22. Further, the Arbitrator committed an error in computing the period for which penalty under Clause 7 of the agreement was payable. The wrong dates adopted by the Arbitrator in this regard were taken note of by the learned Judge exercising jurisdiction under Section 34 of the Arbitration Act, but she added to the said blunder by adopting equally erroneous dates for computing the penalty period. The Division Bench that exercised appellate jurisdiction under Section 37 of the Arbitration Act further compounded the matter by altogether denying the entitlement of the owners to penalty under Clause 7 on the ground that they had failed to adduce evidence of actual damage suffered by them.
23. Insofar as the builder’s counter claim is concerned, we may note that his entitlement to refund of the earnest money and compensation amount of Rs.45,00,000/- stood confirmed, as the owners did not choose to challenge the same. The builder was also held entitled to the construction costs of Rs.36,92,400/-, as his claim in that regard was never controverted by the owners. However, as regards the denial of interest upon the said sums, it was only before the Division Bench that a feeble prayer was made for award of interest, without any foundational pleading. Denial of that relief by the Division Bench is now final as no further appeal has been preferred before this Court by the respondents.
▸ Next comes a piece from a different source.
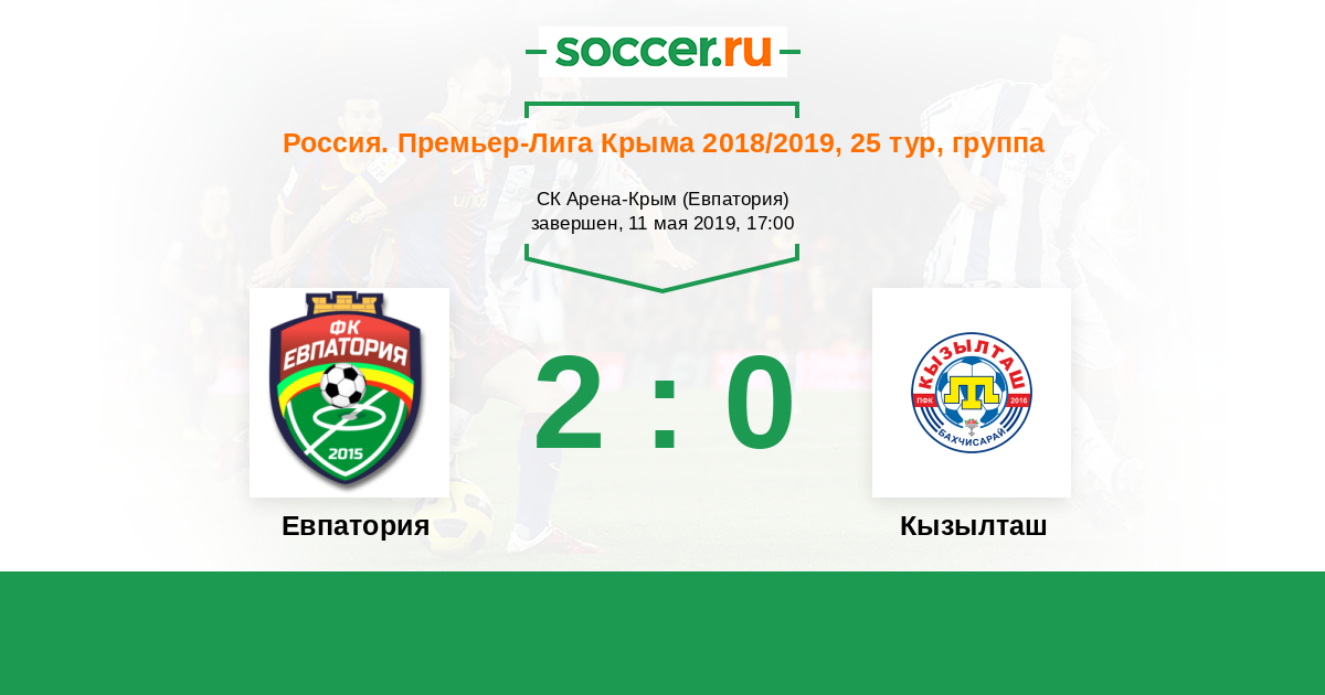 Россия. Премьер-Лига Крыма 28.04.2018 Евпатория Логотип футбольный клуб Евпатория 3:0 Логотип футбольный клуб Кызылташ (Бахчисарай) Кызылташ

24. Though the award, being patently illegal, deserves to be set aside under Section 34(2A) of the Arbitration Act, we are of the opinion that doing so would not be in the interest of justice, given the fact that the parties have been litigating since the year 2012. Setting aside the award at this stage would mean that they would again have to start afresh. As was pointed out in Gayatri Balasamy (supra), when setting aside an award would impose significant hardship and lead to unnecessary delay, it would be open to the Court to modify the award within the guardrails stipulated in the said judgment. Further, it was also held therein that this Court’s power under Article 142 of the Constitution can be used to effect substantial justice between the parties instead of relegating them to a fresh round of litigation. We, therefore, exercise our power under Article 142 of the Constitution so as to give a quietus to the dispute between the parties in the light of what has been stated hereinabove.
25. In consequence, the appellants are held entitled to penalty of Rs.6,30,000/- and the respondents are held entitled to refund of Rs.81,92,400/-. Deducting Rs.6,30,000/- payable to the appellants therefrom, the amount payable to the respondents would be Rs.75,62,400/-. As a sum of Rs.50,00,000/- has already been disbursed to them, pursuant to the order passed by this Court in the present appeals, the balance payable by the appellants to the respondents is Rs.25,62,400/-. No interest can be claimed by either party on the amounts payable to them.
The appeals are disposed of in the aforestated terms.
Parties shall bear their own costs.
Pending applications stand disposed of.